- Task instructions
From the first line of the records below through the line with "Patrick Gonzales+FollowSeton Hall’s", output each line exactly; skip the pictures.

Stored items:
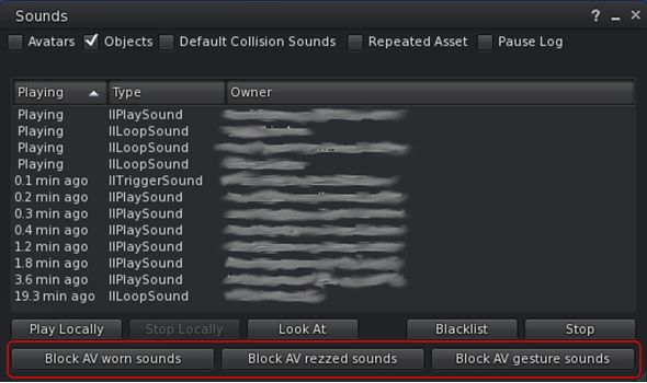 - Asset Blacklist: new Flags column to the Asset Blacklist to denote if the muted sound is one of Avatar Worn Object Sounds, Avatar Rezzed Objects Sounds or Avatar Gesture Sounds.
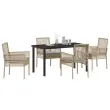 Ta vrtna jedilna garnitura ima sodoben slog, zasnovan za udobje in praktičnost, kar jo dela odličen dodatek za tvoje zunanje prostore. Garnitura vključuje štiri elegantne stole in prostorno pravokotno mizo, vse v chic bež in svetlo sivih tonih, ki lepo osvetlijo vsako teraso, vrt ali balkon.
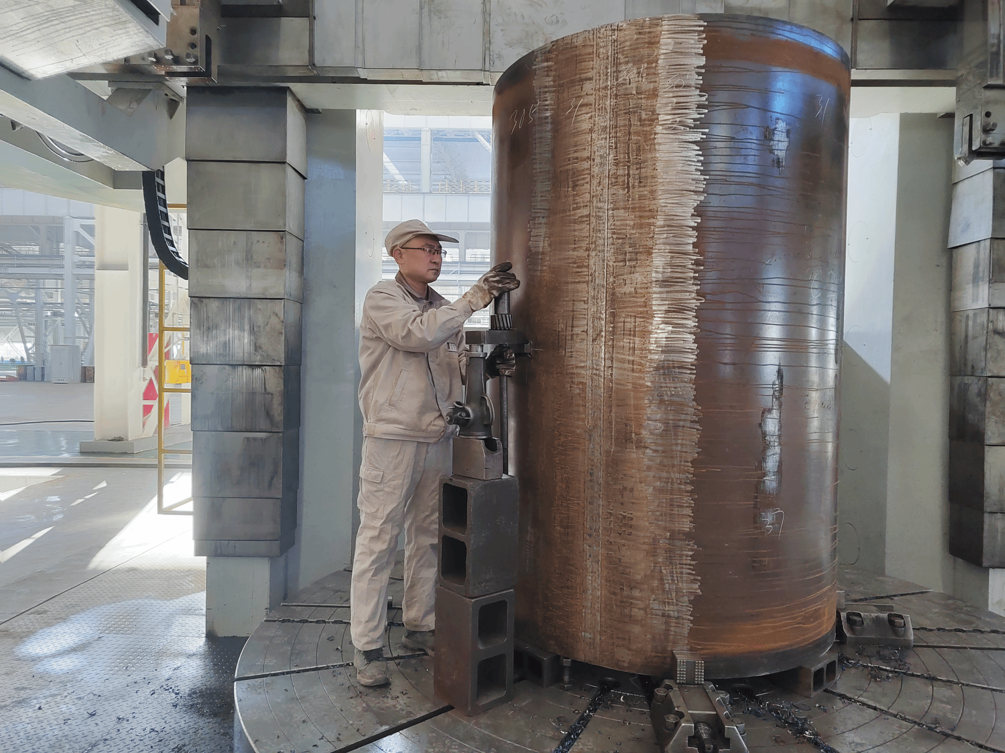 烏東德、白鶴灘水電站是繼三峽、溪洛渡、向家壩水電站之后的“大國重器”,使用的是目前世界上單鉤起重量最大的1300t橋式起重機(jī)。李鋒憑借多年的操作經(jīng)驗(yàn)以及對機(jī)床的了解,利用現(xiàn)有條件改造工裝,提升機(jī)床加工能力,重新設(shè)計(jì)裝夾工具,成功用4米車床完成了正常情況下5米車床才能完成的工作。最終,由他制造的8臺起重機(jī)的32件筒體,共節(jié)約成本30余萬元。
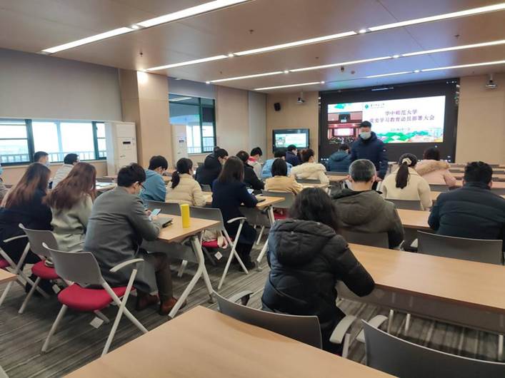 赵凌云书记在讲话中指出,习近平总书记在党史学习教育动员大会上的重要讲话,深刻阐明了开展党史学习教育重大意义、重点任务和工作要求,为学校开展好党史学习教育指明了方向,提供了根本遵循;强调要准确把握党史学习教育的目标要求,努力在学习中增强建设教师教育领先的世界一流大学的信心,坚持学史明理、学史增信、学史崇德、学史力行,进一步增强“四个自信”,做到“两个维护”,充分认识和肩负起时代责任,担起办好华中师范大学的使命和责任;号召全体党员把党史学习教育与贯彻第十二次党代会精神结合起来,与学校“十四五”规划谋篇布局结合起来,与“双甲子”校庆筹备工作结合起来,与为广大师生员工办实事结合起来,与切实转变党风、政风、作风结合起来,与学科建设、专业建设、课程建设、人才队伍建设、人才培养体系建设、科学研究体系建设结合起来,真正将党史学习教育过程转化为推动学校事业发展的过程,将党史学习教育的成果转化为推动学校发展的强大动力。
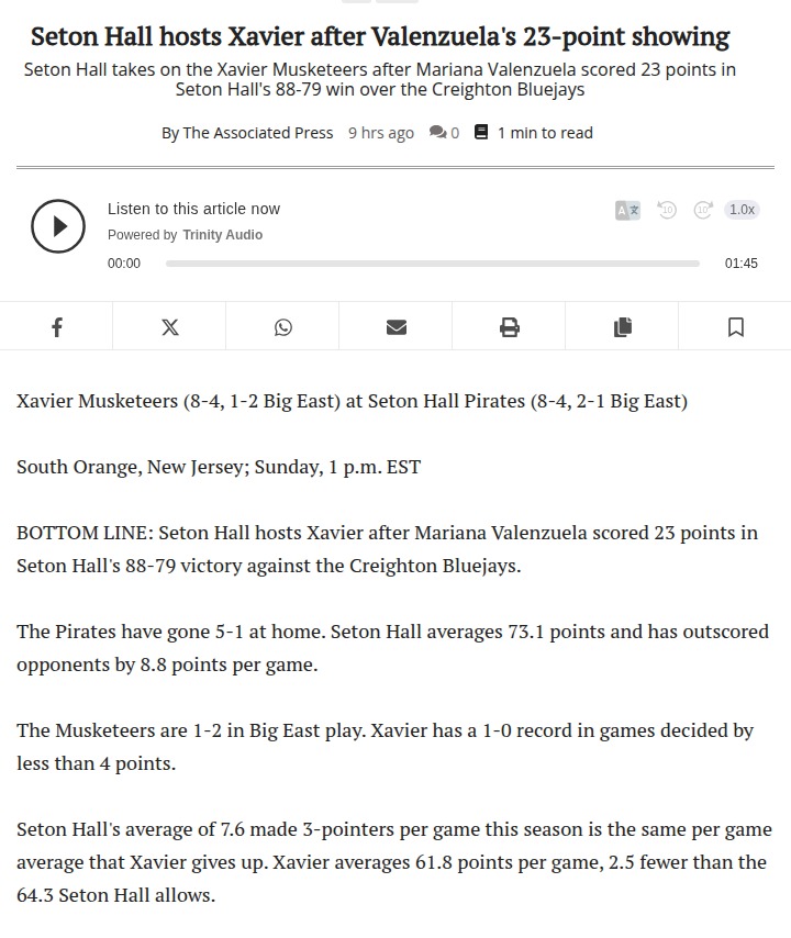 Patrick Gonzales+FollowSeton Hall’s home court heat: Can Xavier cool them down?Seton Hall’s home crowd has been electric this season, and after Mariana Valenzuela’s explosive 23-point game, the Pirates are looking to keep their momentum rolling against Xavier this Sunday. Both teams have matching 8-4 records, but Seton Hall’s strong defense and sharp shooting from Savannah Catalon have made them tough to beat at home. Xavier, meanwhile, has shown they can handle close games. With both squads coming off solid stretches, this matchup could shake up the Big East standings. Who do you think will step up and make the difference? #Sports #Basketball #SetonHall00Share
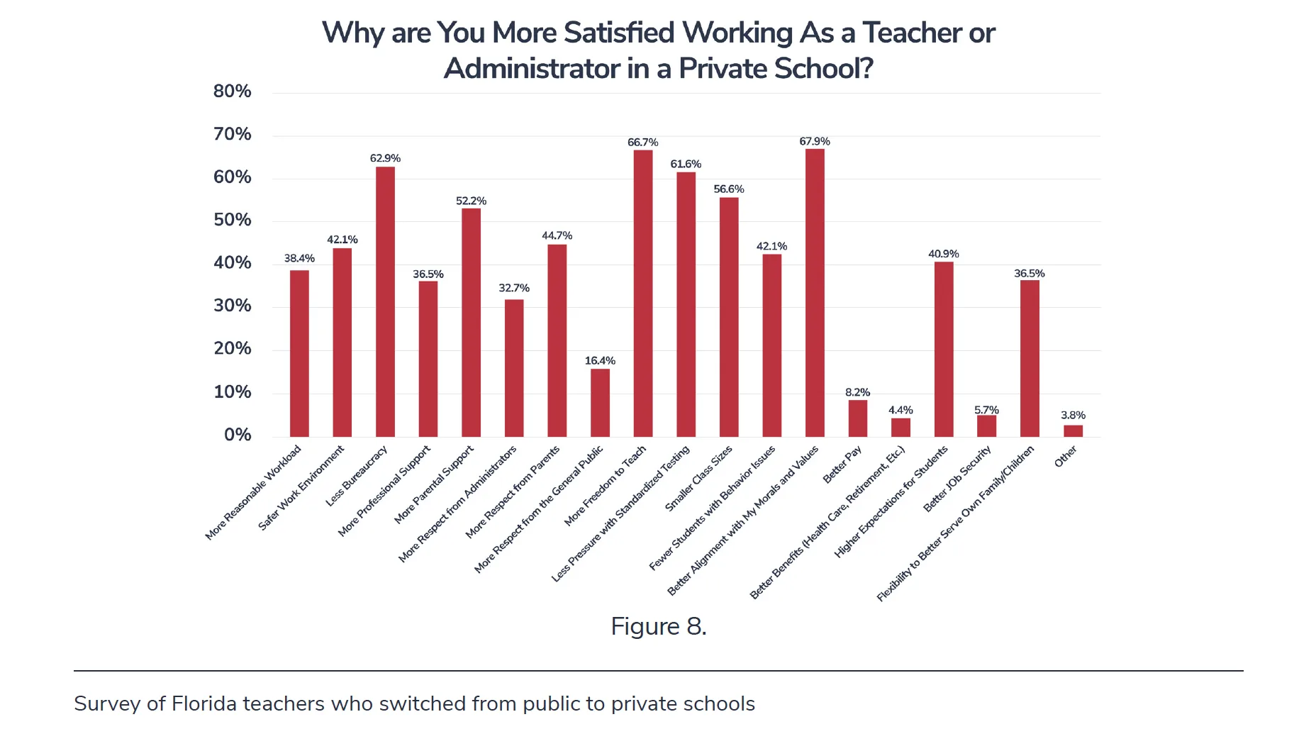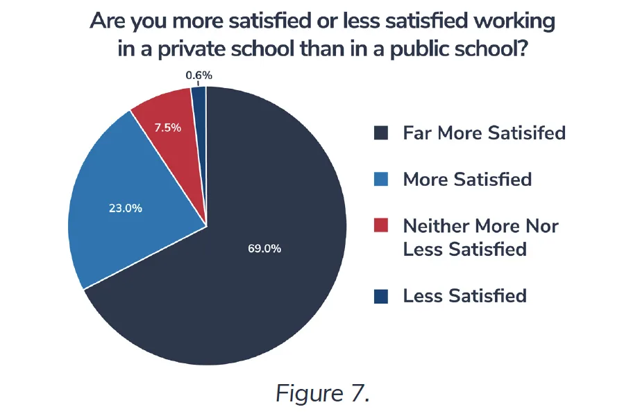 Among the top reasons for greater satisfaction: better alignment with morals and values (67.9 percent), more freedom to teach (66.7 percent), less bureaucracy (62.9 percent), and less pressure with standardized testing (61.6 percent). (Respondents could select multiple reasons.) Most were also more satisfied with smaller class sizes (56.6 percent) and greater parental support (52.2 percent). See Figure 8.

- Exercise response
 - Asset Blacklist: new Flags column to the Asset Blacklist to denote if the muted sound is one of Avatar Worn Object Sounds, Avatar Rezzed Objects Sounds or Avatar Gesture Sounds.
 Ta vrtna jedilna garnitura ima sodoben slog, zasnovan za udobje in praktičnost, kar jo dela odličen dodatek za tvoje zunanje prostore. Garnitura vključuje štiri elegantne stole in prostorno pravokotno mizo, vse v chic bež in svetlo sivih tonih, ki lepo osvetlijo vsako teraso, vrt ali balkon.
 烏東德、白鶴灘水電站是繼三峽、溪洛渡、向家壩水電站之后的“大國重器”,使用的是目前世界上單鉤起重量最大的1300t橋式起重機(jī)。李鋒憑借多年的操作經(jīng)驗(yàn)以及對機(jī)床的了解,利用現(xiàn)有條件改造工裝,提升機(jī)床加工能力,重新設(shè)計(jì)裝夾工具,成功用4米車床完成了正常情況下5米車床才能完成的工作。最終,由他制造的8臺起重機(jī)的32件筒體,共節(jié)約成本30余萬元。
 赵凌云书记在讲话中指出,习近平总书记在党史学习教育动员大会上的重要讲话,深刻阐明了开展党史学习教育重大意义、重点任务和工作要求,为学校开展好党史学习教育指明了方向,提供了根本遵循;强调要准确把握党史学习教育的目标要求,努力在学习中增强建设教师教育领先的世界一流大学的信心,坚持学史明理、学史增信、学史崇德、学史力行,进一步增强“四个自信”,做到“两个维护”,充分认识和肩负起时代责任,担起办好华中师范大学的使命和责任;号召全体党员把党史学习教育与贯彻第十二次党代会精神结合起来,与学校“十四五”规划谋篇布局结合起来,与“双甲子”校庆筹备工作结合起来,与为广大师生员工办实事结合起来,与切实转变党风、政风、作风结合起来,与学科建设、专业建设、课程建设、人才队伍建设、人才培养体系建设、科学研究体系建设结合起来,真正将党史学习教育过程转化为推动学校事业发展的过程,将党史学习教育的成果转化为推动学校发展的强大动力。
 Patrick Gonzales+FollowSeton Hall’s home court heat: Can Xavier cool them down?Seton Hall’s home crowd has been electric this season, and after Mariana Valenzuela’s explosive 23-point game, the Pirates are looking to keep their momentum rolling against Xavier this Sunday. Both teams have matching 8-4 records, but Seton Hall’s strong defense and sharp shooting from Savannah Catalon have made them tough to beat at home. Xavier, meanwhile, has shown they can handle close games. With both squads coming off solid stretches, this matchup could shake up the Big East standings. Who do you think will step up and make the difference? #Sports #Basketball #SetonHall00Share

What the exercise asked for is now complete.